## Assignment
Restate word for word the lines of the records below, starting at the line that contains "б) наводки информативных" and ending at the line that contains "Ereğli Belediye Başkanı", with both of those lines included and nothing else.

Supplied entries: Begin

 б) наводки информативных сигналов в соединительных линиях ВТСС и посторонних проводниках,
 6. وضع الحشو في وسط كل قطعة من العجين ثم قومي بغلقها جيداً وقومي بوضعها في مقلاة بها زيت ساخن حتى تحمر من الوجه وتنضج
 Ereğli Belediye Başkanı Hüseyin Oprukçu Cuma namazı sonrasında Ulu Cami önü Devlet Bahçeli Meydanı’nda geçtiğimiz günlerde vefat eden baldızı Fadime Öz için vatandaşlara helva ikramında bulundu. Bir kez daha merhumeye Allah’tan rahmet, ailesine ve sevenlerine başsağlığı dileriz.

Supplied entries: End
Supplied entries: Begin

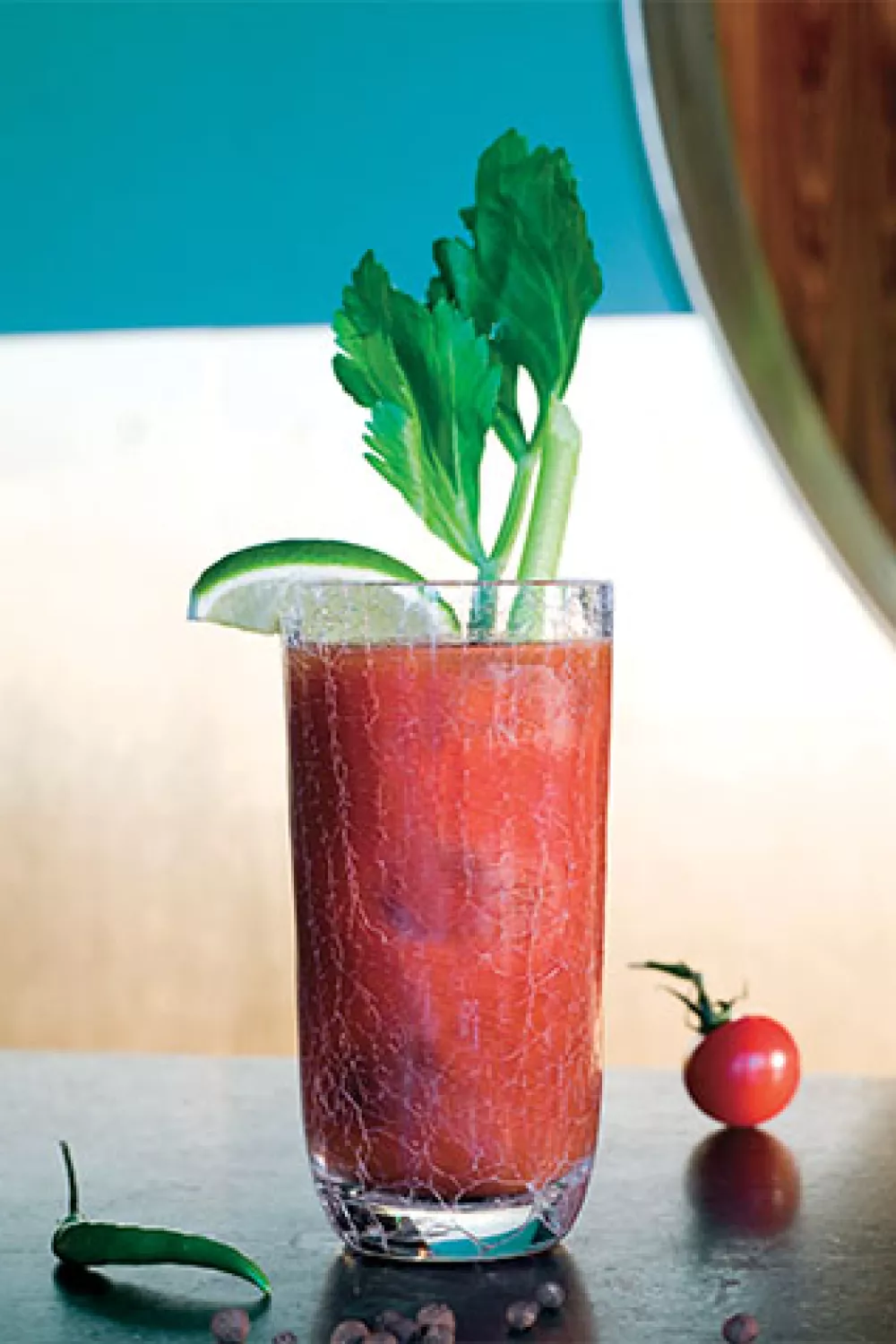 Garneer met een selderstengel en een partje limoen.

Supplied entries: End

## Task response
 б) наводки информативных сигналов в соединительных линиях ВТСС и посторонних проводниках,
 6. وضع الحشو في وسط كل قطعة من العجين ثم قومي بغلقها جيداً وقومي بوضعها في مقلاة بها زيت ساخن حتى تحمر من الوجه وتنضج
 Ereğli Belediye Başkanı Hüseyin Oprukçu Cuma namazı sonrasında Ulu Cami önü Devlet Bahçeli Meydanı’nda geçtiğimiz günlerde vefat eden baldızı Fadime Öz için vatandaşlara helva ikramında bulundu. Bir kez daha merhumeye Allah’tan rahmet, ailesine ve sevenlerine başsağlığı dileriz.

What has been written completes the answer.